* [TASK REQUIREMENTS]: Without copying any picture, transcribe exactly the lines of the data below from the one containing "Оба ноутбука получили" through the one containing "Maçka Demokrasi Parkı’nda".

[RECORDS SHOWN — start]

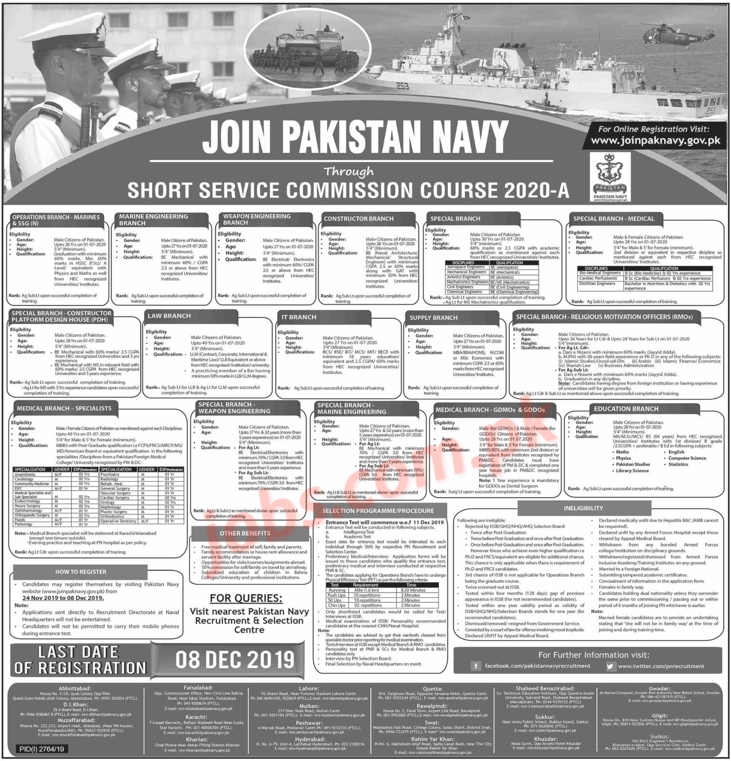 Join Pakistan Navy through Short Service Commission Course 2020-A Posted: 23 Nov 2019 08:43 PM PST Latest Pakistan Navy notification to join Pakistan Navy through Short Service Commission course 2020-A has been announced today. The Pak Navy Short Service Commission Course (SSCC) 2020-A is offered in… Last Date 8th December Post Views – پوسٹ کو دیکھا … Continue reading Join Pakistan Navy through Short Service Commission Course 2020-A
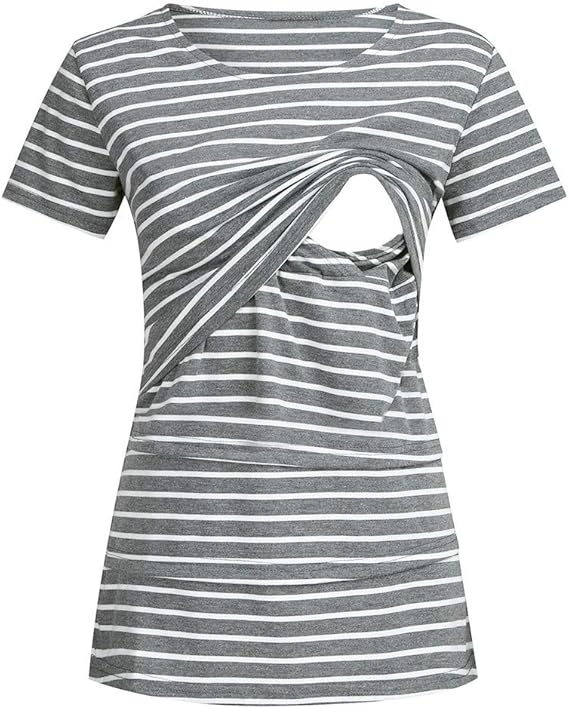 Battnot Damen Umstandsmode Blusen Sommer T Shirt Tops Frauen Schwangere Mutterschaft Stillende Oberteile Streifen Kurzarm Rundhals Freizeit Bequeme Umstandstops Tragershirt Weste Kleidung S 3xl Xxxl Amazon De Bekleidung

[RECORDS SHOWN — finish]
[RECORDS SHOWN — start]

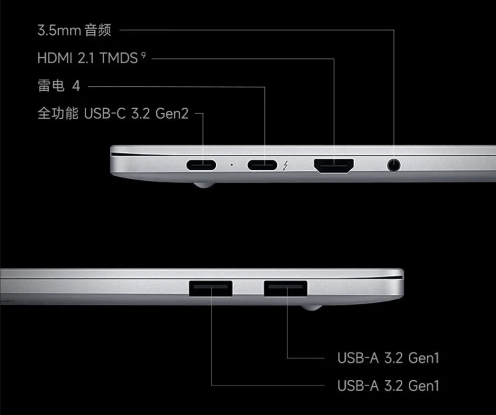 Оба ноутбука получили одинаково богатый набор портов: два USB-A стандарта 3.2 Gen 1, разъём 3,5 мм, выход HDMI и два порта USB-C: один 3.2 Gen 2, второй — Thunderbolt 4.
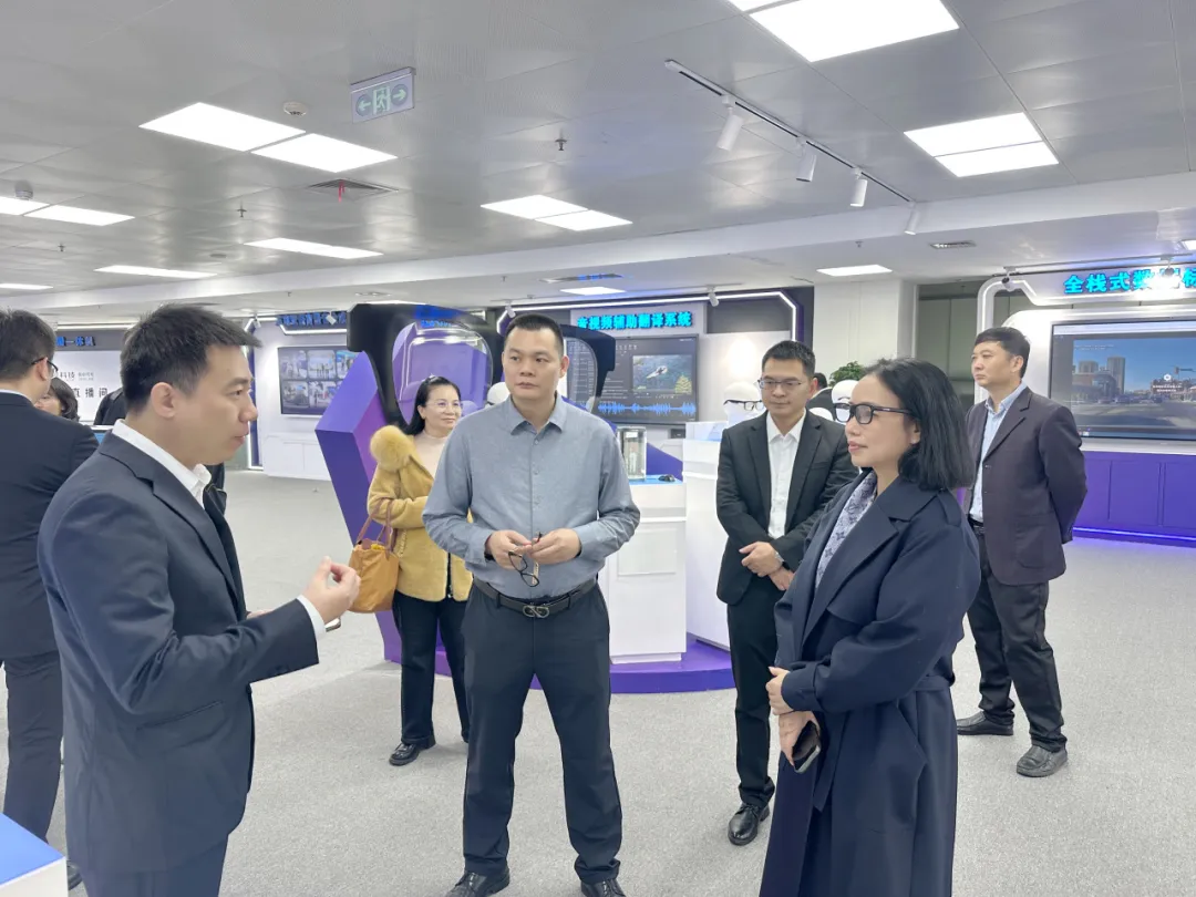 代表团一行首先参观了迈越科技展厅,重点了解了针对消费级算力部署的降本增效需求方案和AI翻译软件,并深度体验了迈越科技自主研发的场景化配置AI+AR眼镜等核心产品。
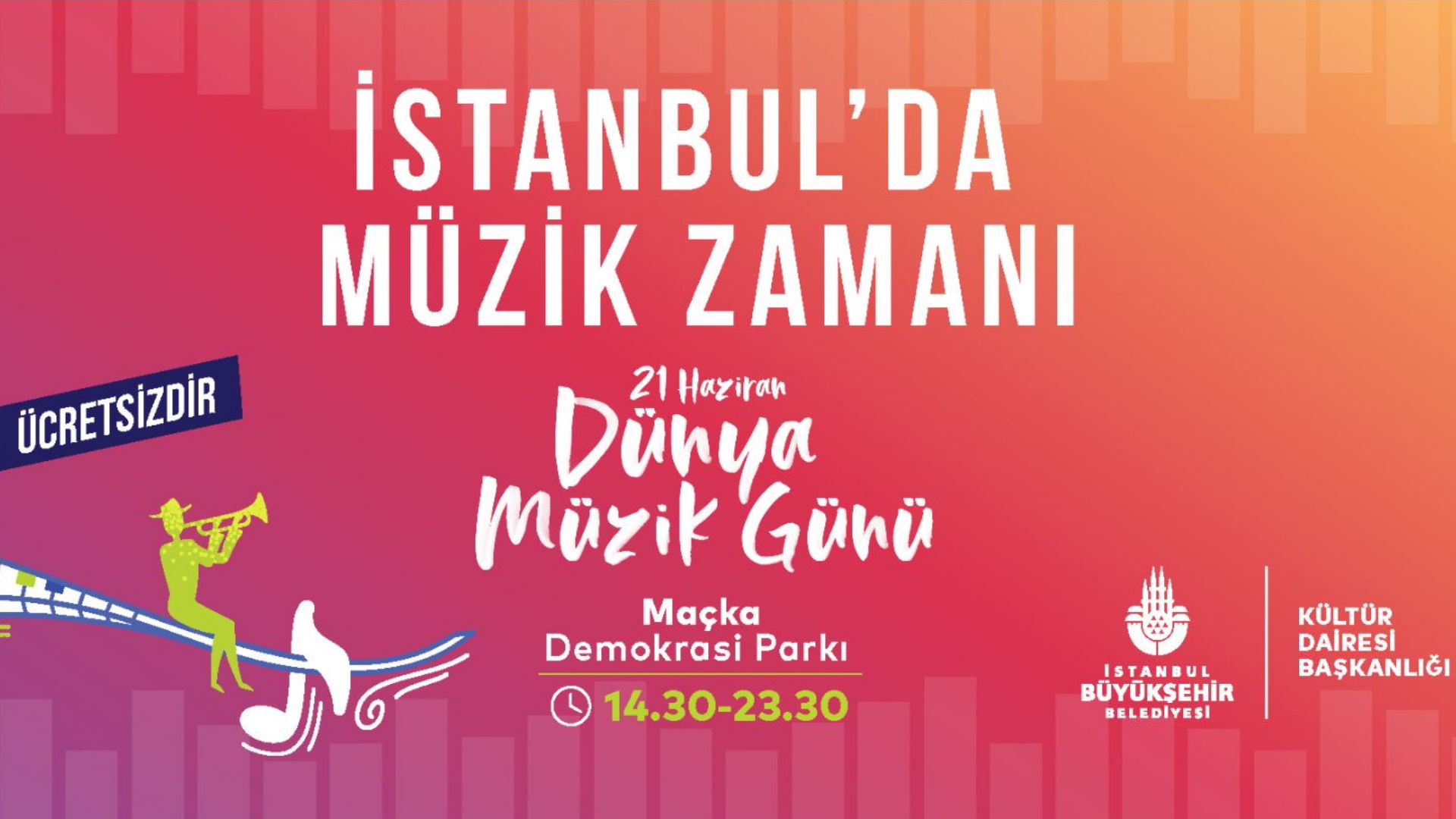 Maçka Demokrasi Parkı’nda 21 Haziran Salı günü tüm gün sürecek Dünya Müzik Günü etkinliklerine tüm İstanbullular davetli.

[RECORDS SHOWN — finish]
[RECORDS SHOWN — start]

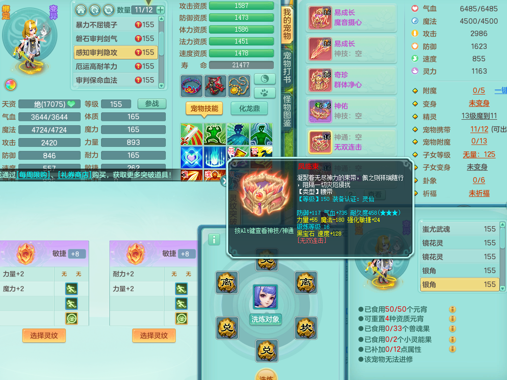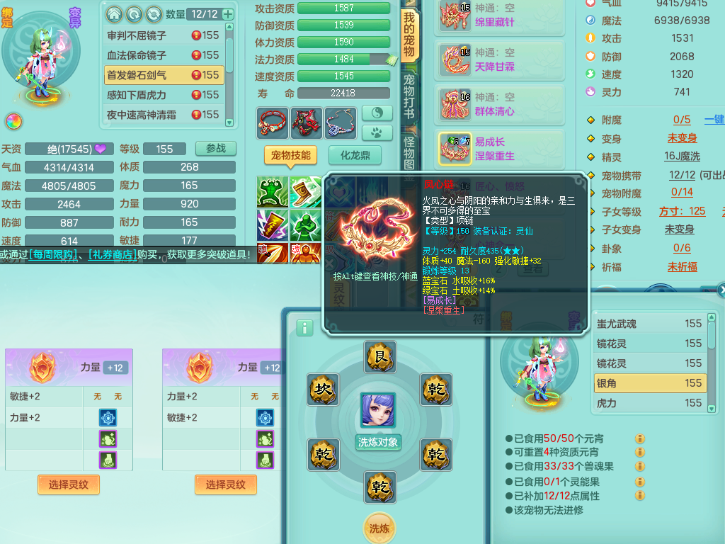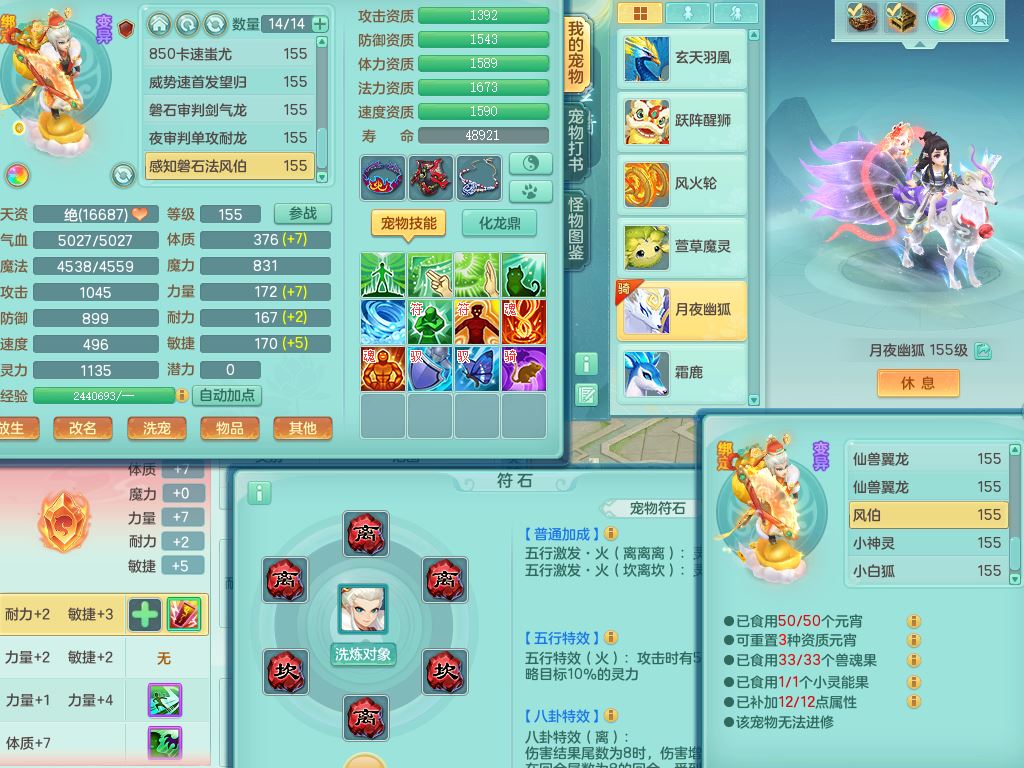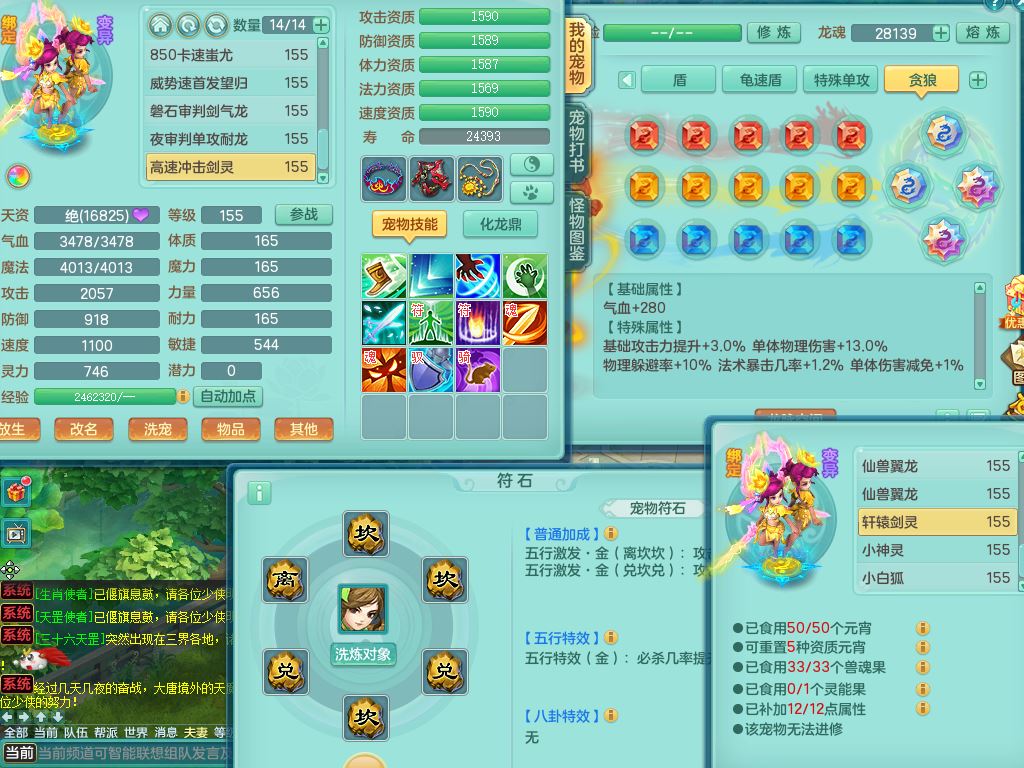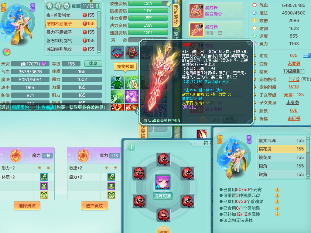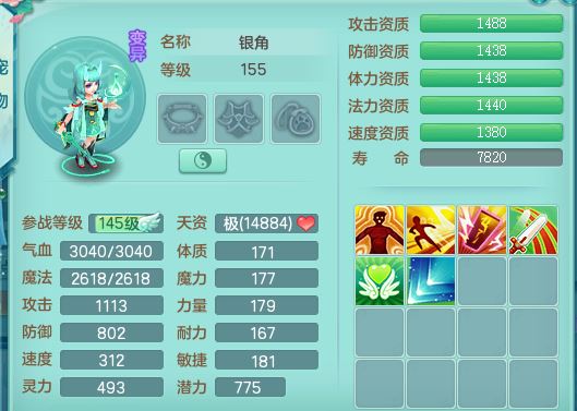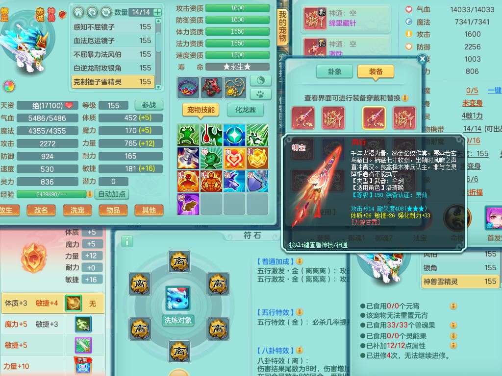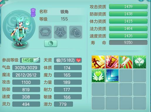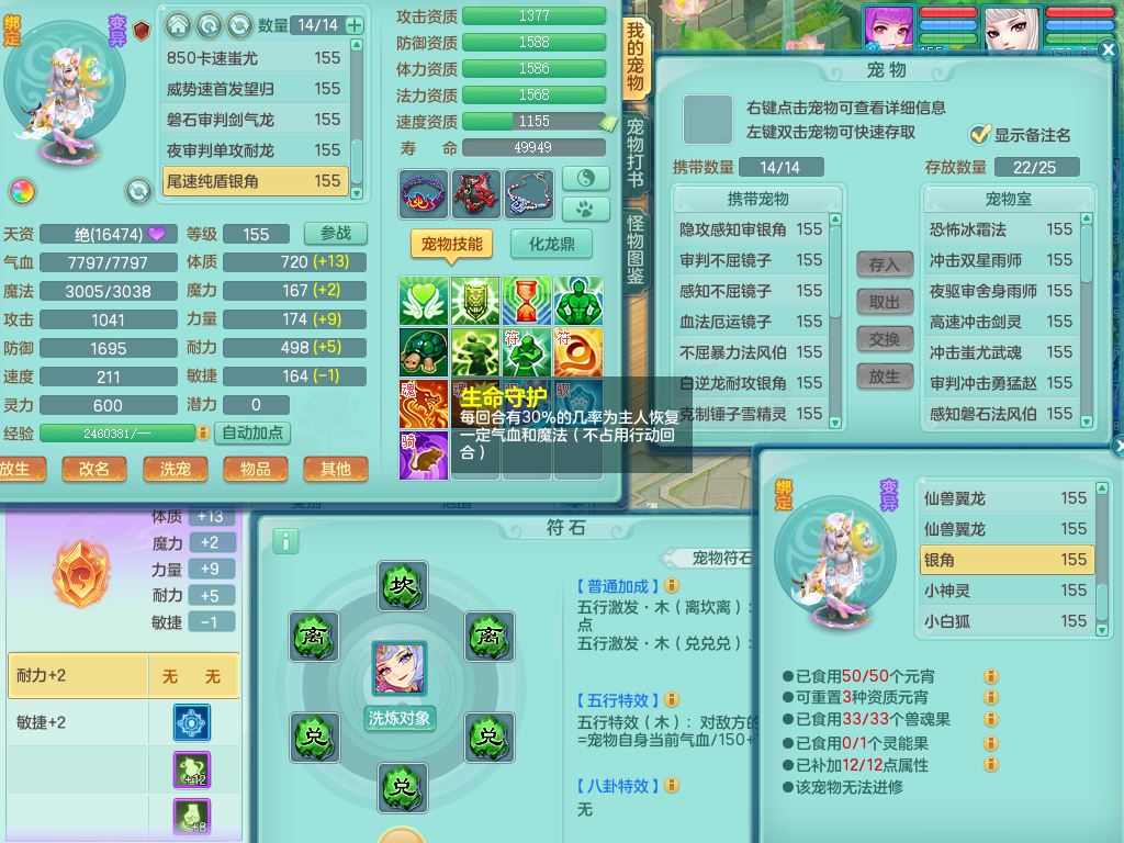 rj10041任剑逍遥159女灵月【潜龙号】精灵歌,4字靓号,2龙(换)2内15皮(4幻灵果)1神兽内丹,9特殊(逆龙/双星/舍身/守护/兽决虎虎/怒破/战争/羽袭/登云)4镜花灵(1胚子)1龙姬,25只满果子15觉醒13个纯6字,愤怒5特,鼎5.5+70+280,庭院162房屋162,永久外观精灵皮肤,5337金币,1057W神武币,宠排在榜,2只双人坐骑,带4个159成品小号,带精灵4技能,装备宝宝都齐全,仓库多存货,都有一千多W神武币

[RECORDS SHOWN — finish]

* [ANSWER TO THE PROBLEM]:
 Оба ноутбука получили одинаково богатый набор портов: два USB-A стандарта 3.2 Gen 1, разъём 3,5 мм, выход HDMI и два порта USB-C: один 3.2 Gen 2, второй — Thunderbolt 4.
 代表团一行首先参观了迈越科技展厅,重点了解了针对消费级算力部署的降本增效需求方案和AI翻译软件,并深度体验了迈越科技自主研发的场景化配置AI+AR眼镜等核心产品。
 Maçka Demokrasi Parkı’nda 21 Haziran Salı günü tüm gün sürecek Dünya Müzik Günü etkinliklerine tüm İstanbullular davetli.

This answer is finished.